Physical separation of enveloped particles by density gradient centrifugation. Extracellular particles in the day 7 and day 8 supernatants of PTHs transduced with Ad-HBV1.3 at an MOI of 100 were concentrated by PEG precipitation and centrifuged through a CsCl gradient. Because no protease treatment was included, naked cores and Ad-HBV particles were left intact. The density and HBsAg profiles are shown in the graph. Subsequently, DNAs contained in fractions 7 to 18, covering a density range from 1.16 to 1.42 g/ml, were extracted and analyzed by Southern blotting using a DIG-labeled HBV probe as described in the legend to Fig. 4. HBV RI, replicative intermediates; St, 50 pg of a 3.2-kb linear HBV genome; M, DIG-labeled DNA marker with fragment sizes in kilobases.

HBsAg peak fractions from a similar gradient were also used to directly test, by Western blotting, whether all three of the HBV envelope proteins, i.e., S, M, and L, were formed in the tupaia cells. For comparison, the corresponding fraction from an identical gradient loaded with particles from Ad-HBV1.3-transduced Huh7 cells was analyzed in parallel (Fig. 6). The human monoclonal anti-S antibody 4/7B (31) detected similar amounts of nonglycosylated (p24) and glycosylated (gp27) S proteins in both samples. Of the additional slower-migrating bands in the PTH sample, the 33-kDa band comigrated exactly with the M protein band specifically detected in the pre-S2 blot with the pre-S2-specific antibody S26 (37) and therefore may represent M protein. By contrast, the two larger bands, at first glance resembling the L proteins p39 and glycosylated gp42 in the pre-S1-specific blot developed with monoclonal antibody 18/07 (16), are probably nonspecific. The largest one runs more slowly than gp42, and the second, though comigrating with gp42, should also be present in the Huh7 lane, which, according the pre-S1 blot, contained even more of both L proteins than the PTH lane. The M protein patterns were slightly different in samples from human and tupaia cells, possibly reflecting some differences in the glycan moieties of the mono- and diglycosylated forms (gp33 and gp36), while no obvious differences were observed for the L proteins except for a higher ratio of M to L protein in PTHs versus Huh7 cells. Together, these data showed that tupaia hepatocytes support the production of all structural HBV proteins and their assembly into enveloped virions.

FIG. 6.

FIG. 6

Comparison of HBV envelope proteins produced in PTHs and Huh7 cells. Secreted particles from Ad-HBV1.3-transduced PTHs (lanes T; MOI, 125; 9 ml of medium from days 7 and 8) and Huh7 cells (lanes H; MOI, 400; 20 ml of medium from days 3 and 4) were separated on similar CsCl gradients as shown in Fig. 5, and the proteins from the HBsAg peak fractions were analyzed by Western blotting with monoclonal antibodies specific for S (4/7B), pre-S2 (S26), and pre-S1 (MA18/07); the αpre-S2 and αpre-S1 blots were obtained sequentially without intermediate stripping. Detection was performed using a chemiluminescent substrate. The positions of protein size markers (in kilodaltons) are indicated on the left, and the various forms of the S, M, and L proteins are given on the right. The arrow marks a doublet of bands in the T lane of the αS blot that superficially resemble L proteins but are probably nonspecific.
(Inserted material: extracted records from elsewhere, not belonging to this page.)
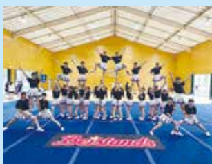
チアリーディング部 (全国大会第3位)
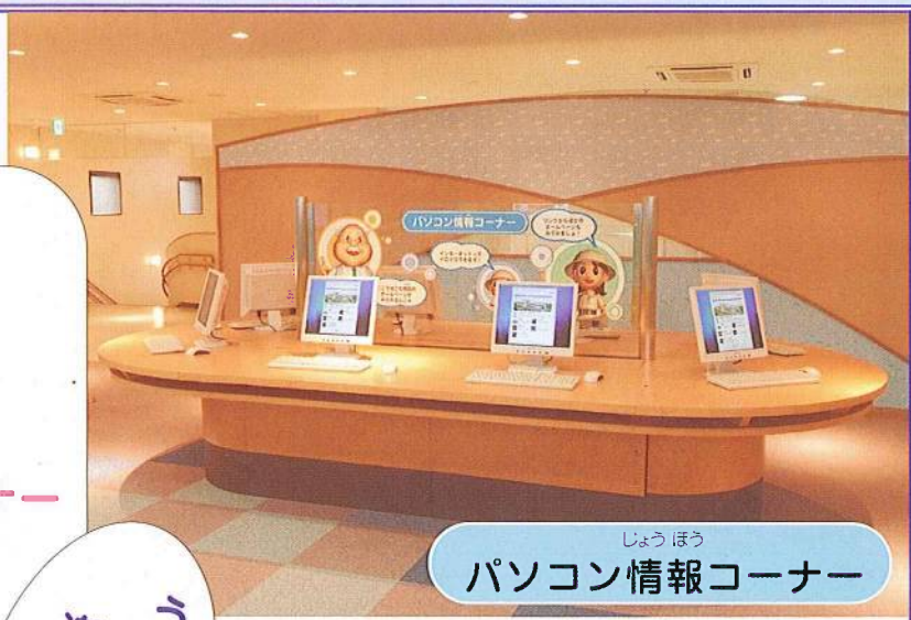
しょう ほう パソコン情報コーナー
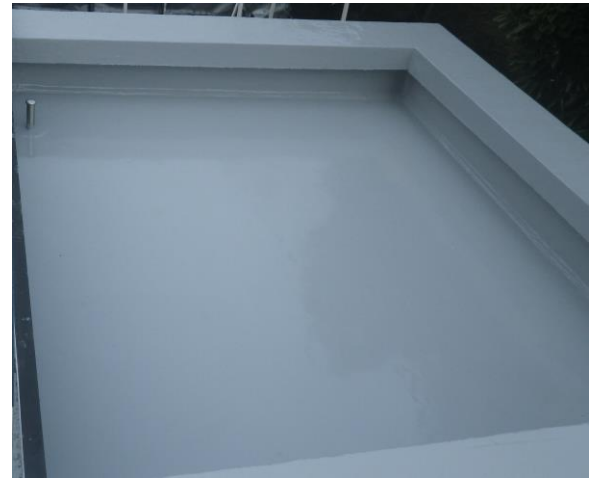
浴室棟屋上（施工後） 既存防水層を覆うようにウレタン塗膜防水を施工し、新たな防水層を形成した。
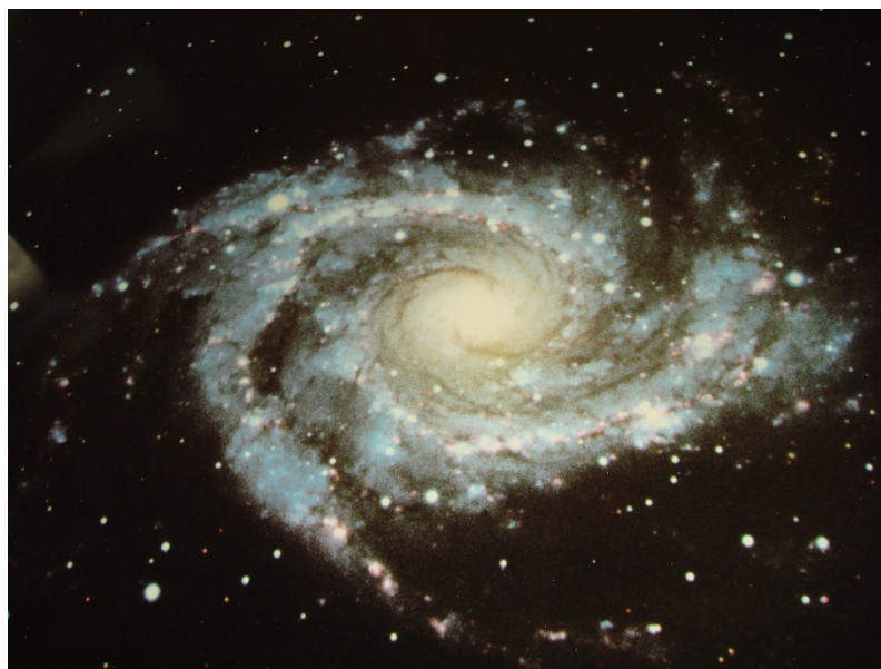
写真2 SPIRAL GALAXY IN ANTLIA (NGC 2997) (一部)
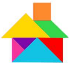
La cité minière
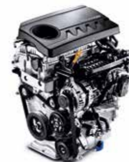
1.4 T-GDI s výkonom 103 kW (140 k)
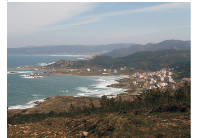
Arou desde o Alto da Cruz.
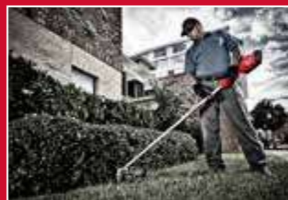
Potencia suficiente para cortar matorral denso
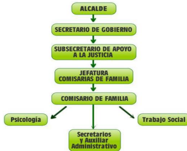
Organigrama Comisarías de Familia de Medellín
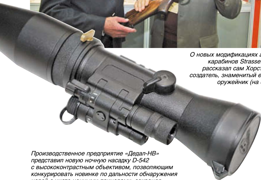
Производственное предприятие «Дедал-НВ» представил новую ночную насадку D-542 с высококонтрастным объективом, позволяющим конкурировать новинке по дальности обнаружения целей с чисто ночными прицелами, сохраняя возможности штатного дневного прицела
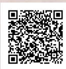
インクルージョン 支援推進室
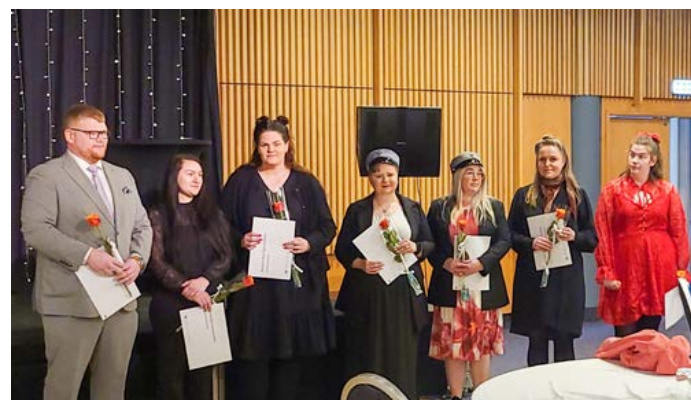
Nemendur í Leikskólaliða- og stuðningsfulltrúabru.
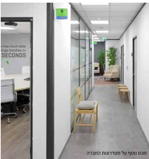
מבט נוסף על מסדרונות החברה

אחת המטרות העיקריות שהוגדרו לעיצוב הפרויקט הייתה, ריענון תדמית המותג של החברה, אשר נעה על התפר שבין עולם ההיי-טק, לעולם הפרסום. בין הצרכים הרבים שעלו, היה הרצון לתת מענה מודגש למורשת הטכנולוגית המרשימה של החברה, לצד יצירת סביבה צעירה ועכשווית הנעימה לעבודה. דגש נוסף הושם בתכנון חלוקת החלל וביצירת אווירה חברתית וחובקת לעובדים, אשר תמטב את עירנותם ותפקודם. החללים הציבוריים, קיבלו מתיחת פנים נרחבת על ידי החלפת חיפויים ברצפות ובתקרות, שיבוץ מחדש של גופי תאורה, זריקת צבע משמעותית ברחבי החלל ומיתוג מחדש של פני המשרד.
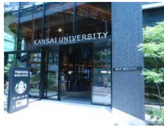
関西大学梅田キャンパス

Primary tupaia hepatocytes support formation of HBV cccDNA.

Next, we analyzed the transduced PTHs, in parallel with transduced Huh7 cells, for the presence of cccDNA. The procedure aimed at removing, as far as possible, other DNAs that might give rise to bands that could be mistaken for cccDNA, e.g., particle-borne replicative intermediates or fragments from the Ad-HBV1.3 vector. To this end, the soluble nucleic acids obtained after twofold SDS-NaOH treatment were incubated with Plasmid-safe DNase (10), an ATP-dependent nuclease that digests linear DNA much more effectively than circular DNA, in particular covalently closed circular molecules, and in addition with HpaI, a restriction enzyme that cuts the Ad-HBV vector but not HBV DNA.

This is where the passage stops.